Project Participants: Huntington Ingalls Industries, Inc.
Project Start: August 2014

Temporary services are identified as services that are required during fabrication but do not sail with the ship. These services provide craftsmen with ventilation, welding lines, electric lighting, power, compressed air, scaffolding, and various other services that are installed, utilized, and removed as craft complete each task. This results in a high number of utility lines leading to disorganized, unsafe, and cluttered passage ways cause interference, disruption, damage to doors and equipment, and contribute to trip safety hazards.

The Temporary Services project is focused on improving the process and equipment used to provide craftsmen with utility and support services during ship construction. This project will examine concepts and processes to provide utility services with lesser footprint and damage, lower cost and disruption with opportunities for technology insertion. The project will produce optimized plans and processes to reduce cost for the deployment of temporary services in the shipyard.

The project team will begin by forming an Integrated Product Team (IPT) comprised of key stakeholders who will identify the key areas that will provide the best opportunities for cost savings and document lessons learned from previous hulls. The team will then map the as-is process in the key areas identified by the IPT to highlight areas for improvement. The team will also investigate how other shipyards and industries provide temporary services. The team will investigate off the shelf products now on the market that can reduce fabrication cost. Once the baseline is complete, improving planning and routing of temporary utilities and possibly incorporating new products and processes investigated will optimize the processes.

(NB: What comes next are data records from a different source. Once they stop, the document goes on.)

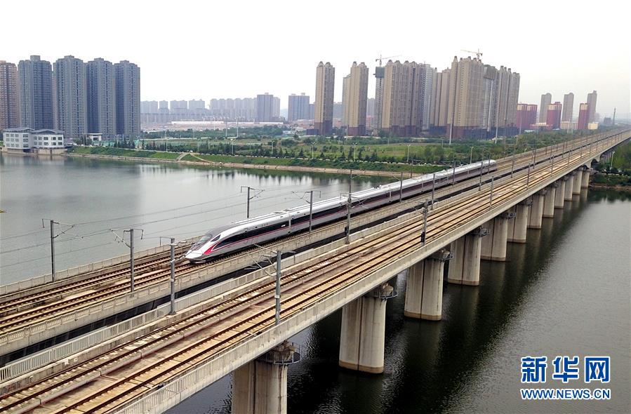 7月9日,一列复兴号动车组列车行驶在陕西西安市境内(无人机拍摄)。 新华社发(唐振江摄)
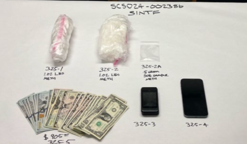 During the stop, deputies utilized K-9 Deputy Ace to search the vehicle. The K-9 reportedly alerted to the presence of narcotics, and deputies allegedly discovered just over two pounds of suspected methamphetamine in the vehicle.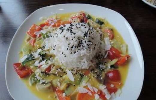 Zutaten für Personen Rezept mit Bild: Kokos - Gemüse - Curry - Wok an Reis mit schwarzem Sesam und Kokosflocken Bild einstellen 3 reife rote Paprika geschnitten 1 reife grüne Paprika geschnitten 1 mittelgrosse F [...]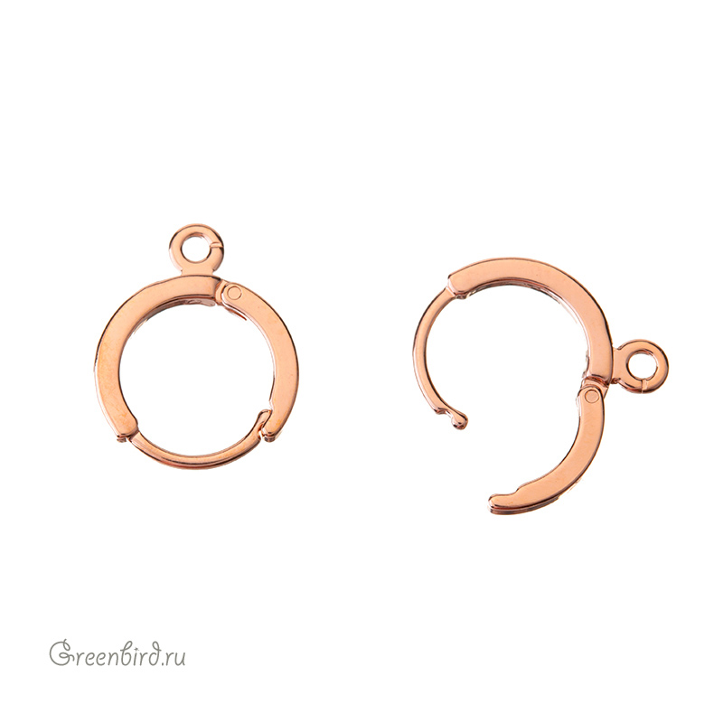 Фурнитура для бижутерии - швензы круглые. Материал: латунь, покрытие: розовое золото, Размер с колечком: 14,8 х 12 х 1,6 мм, толщина дужки 0,8 мм. Производство: Корея. Цена указана за пару.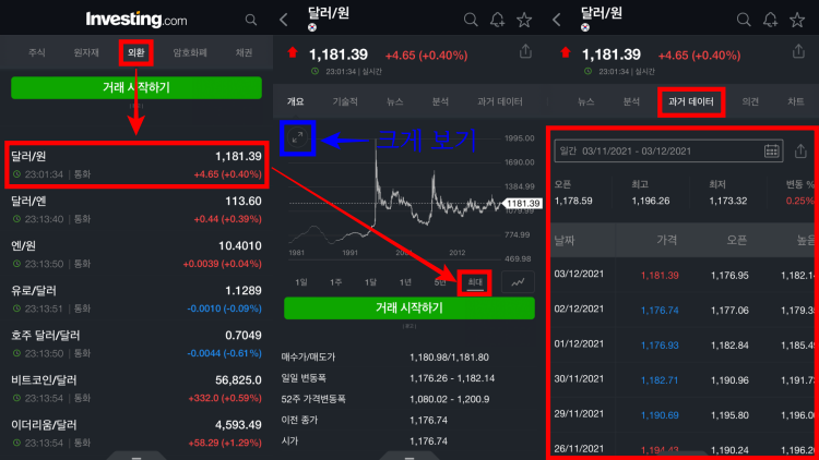 ▲ 인베스팅 닷컴 앱을 다운로드 한 다음 [시장] - [외환] - [달러] 에 들어가서 차트를 [최대] 로 보게 되면 1981년부터의 차트를 볼수 있게 됩니다. 확대 버튼을 누르게 되면 차트를 크게 볼수도 있습니다.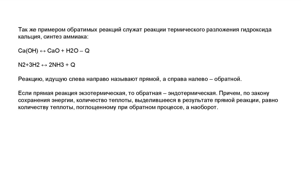 Так же примером обратимых реакций служат реакции термического разложения гидроксидакальция, синтез аммиака: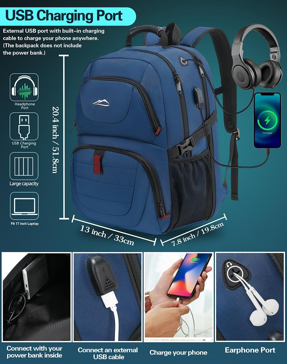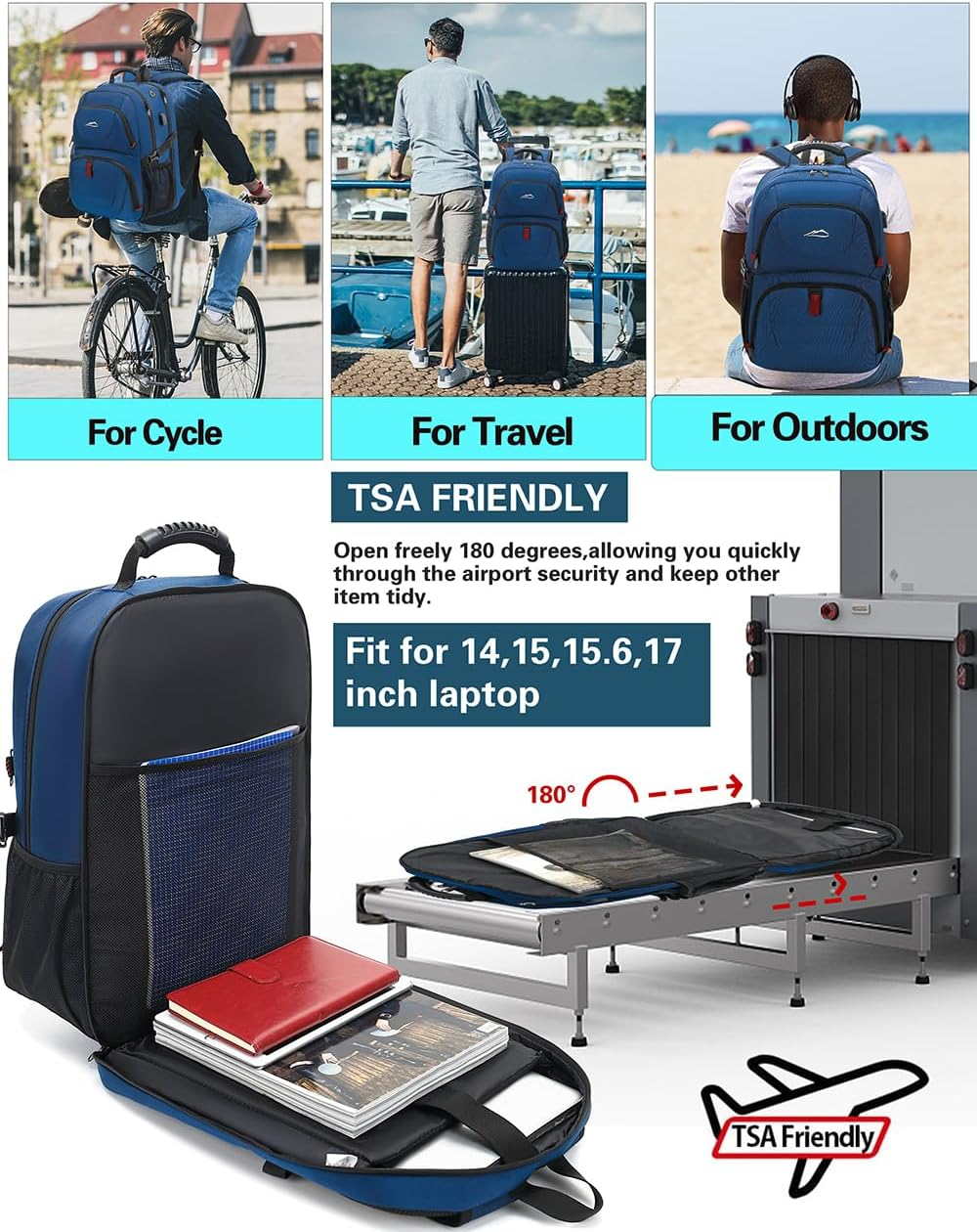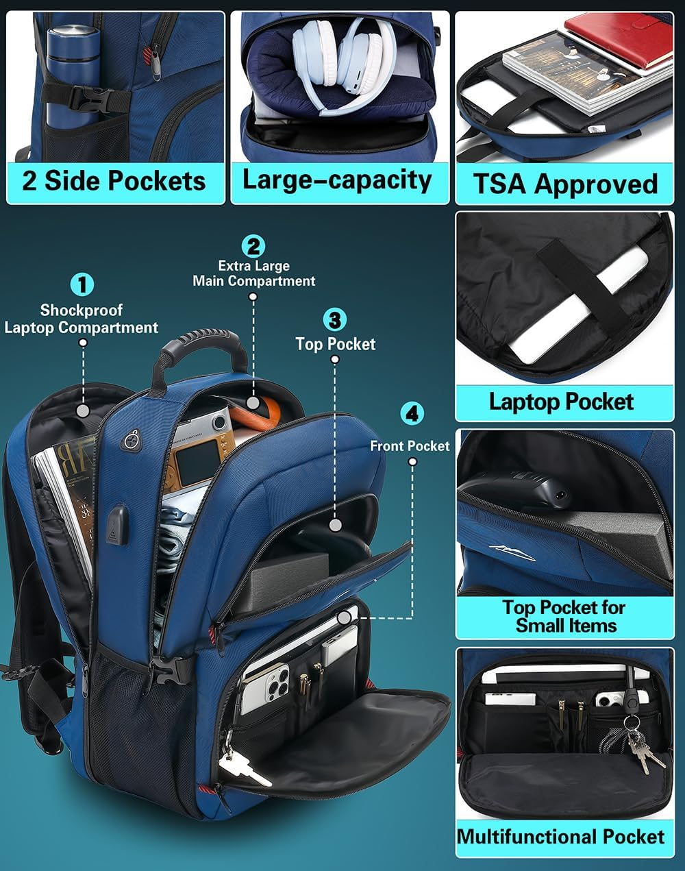 Store New Arrivals Add to Favorite View Feedback Contact Travel Backpack, Extra Large Laptop Backpack School Business anti Theft TSA Approved College Work Computer Bag Fits 17 Inch Laptop with USB Charging Port Bookbag for Women Men(Blue) Description Item model number PE20230501 Age Range Description Adult Capacity Total 50 Liters Number Of Items 1 Color Blue Product Dimensions 7.8 x 12.99 x 20.39 inches Country of Origin China Item Weight 0.97 Kilograms Department unisex-adult Units 1 Count 【Extra Large Capacity & Multi Compartments】The extra large backpack designs with 3 main compartments with many functional pockets,which can accommodate many stuffs and organized small items, with a storage capacity of 50L.A compartment can hold a laptop up to 17.3 inches.Another main compartment can hold clothes, travel items, etc. The front compartment has functional pockets and key chain for other small items.You can keep items organized and easy to find. 【Hig Quality Material for Long Lasting】: ProEtrade travel backpack is made of anti scratch fabrics which is sturdy for long Lasting.Double metal zippers can open and close smoothly,ensuring daily use of the backpack.It also has sturdy handle on top for easy portability. They are best partner for traveling , working , hiking , or daily using. 【TSA Friendly & Keep Safe】Our backpack can be freely unfolded 90-180 degrees, making it TSA approved and perfect for airplane travel.A luggage strap and an anti theft pocket are designed for easy to carry and keep belongs safe. It is perfect for different activities and can be used as a business work bag, large laptop bag, or spacious travel backpack. 【USB Charging Port & Headphone Port】External USB charging port with built-in charging cable ,provides a convenient charging of your electronic device anywhere.It is also has headphone port for easy access.This tech backpack is a great gift choice for women & men.(Please noted that the backpack doesn’t include the power bank.) 【Air Flow System & Ergonomic Design】 Airflow padded back and breathable mesh design help for the air convection, heat elimination and ventilation.The sponge shoulder straps and chest strap relieve the pressure and make you more comfortable while using it.The ergonomic design can protect your backbone effectively. Product Description 1 TSA FRIENDLY 2 USB CHARGING PORT 3 RELIEVE STRESS 4 MORE FUNCTIONAL 5 FIT 17 INCH LAPTOP Does this backpack have a power bank? Hello, this backpack does not come with a power bank. However, it does have a USB charging port and a charging cable for easy charging. What material is it? Hello, this backpack is made of nylon material, which is known for its durability and toughness What size laptop can fit? Hello, the maximum size of laptop that this backpack can accommodate is 17 inches. ABOUT US We offer the best prices around on high quality products. Our E-store includes media such as books, movies, music and games while offering electronics, toys, sporting apparel, clothing, tools, general home, garden items and more. SHIPPING We are always working hard to ensure your package arrives as soon as possible. Please understand that some factors like weather, high postal traffic, and the performance of shipping companies are outside of our control. We offer free shipping to the lower 48 states and ship within 2 business days of payment, usually sooner. We do not accept P.O. Boxes. Please provide a physical address. For shipping outside of the continental USA, we only use eBay's Global Shipping Program.The item is shipped to KY and then sent to the rest of the world. International customers are responsible for all duties and taxes. Continue to check out in order to calculate costs for shipping the item to your country. Messages regarding eBay's Global Shipping Program MUST be directed at eBay EXCLUSIVELY. RETURNS We offer a 30-Day Return Policy on items which you are not completely satisfied with. You have the option for a full-refund or an exchange of the item. No returns are available on items shipped outside of the USA. PAYMENT We accept PayPal. CONTACT US This page content is yet to come Please ad us to your favorite seller and visit again later Thank You CUSTOMER SATISFACTION We try our very best to make sure every customer is completely satisfied. If there's a problem, message us! We're happy to help. WE ACCEPT Copyright © 2021 AutoDS. | All Rights Reserved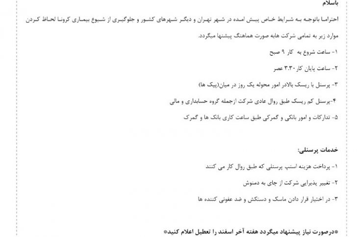 احتراما با توجه به شرایط خاص پیش آمده در شهر تهران و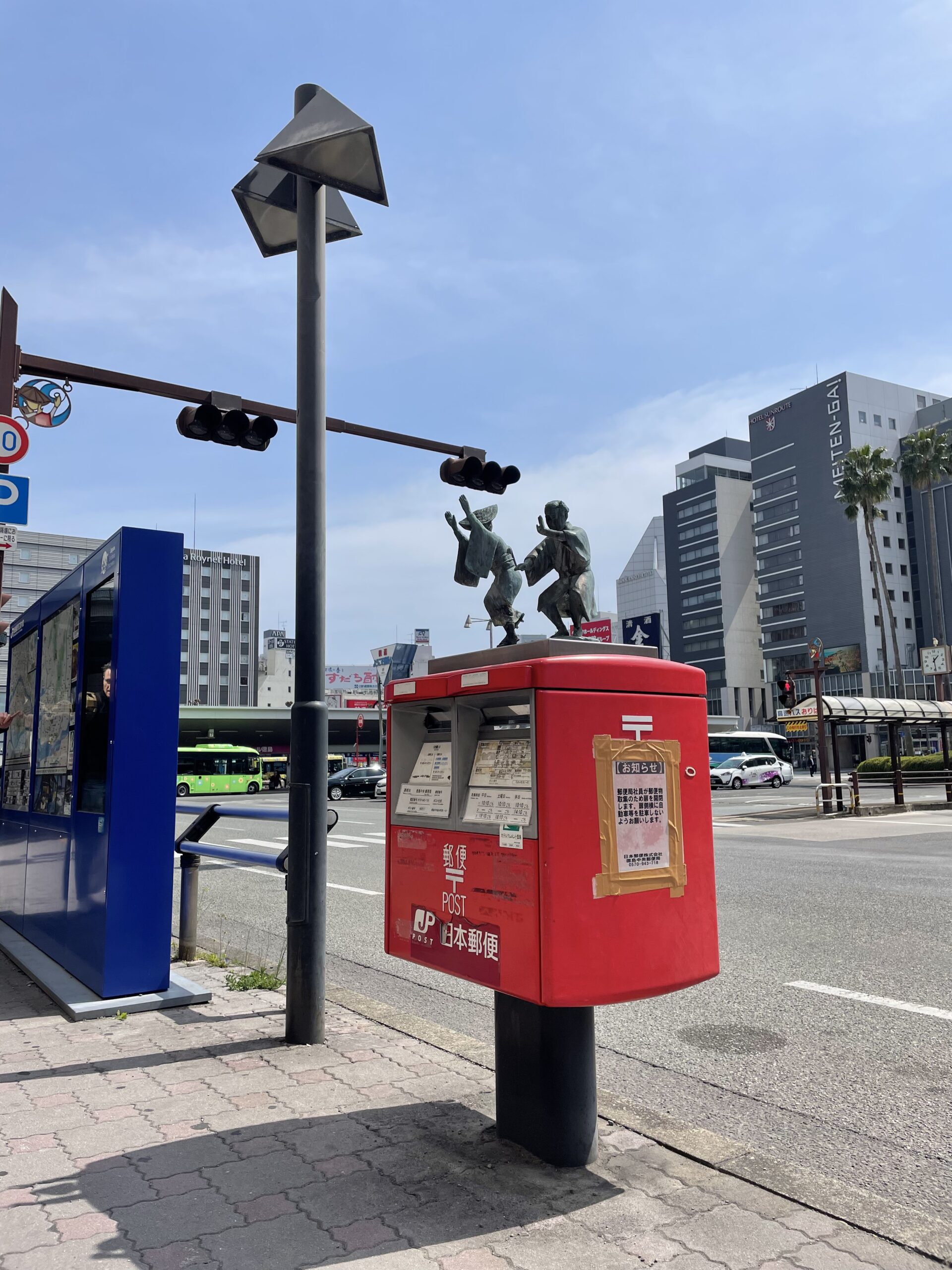 阿波踊りのモニュメントが乗っている郵便ポスト

This Ingalls project has two phases: Phase I Identifying and Defining Needs and Requirements and Phase II Piloting the Temporary Service Optimization Solutions. Upon completion of the Temporary Services Optimization project, Ingalls will update process documents for temporary service(s) (validated by project), purchase new products/technology (proven by project), and implement new processes and equipment per the developed optimized plan. Once implemented, this technology could reduce associated labor hours with an estimated cost savings of $514K per LHA hull.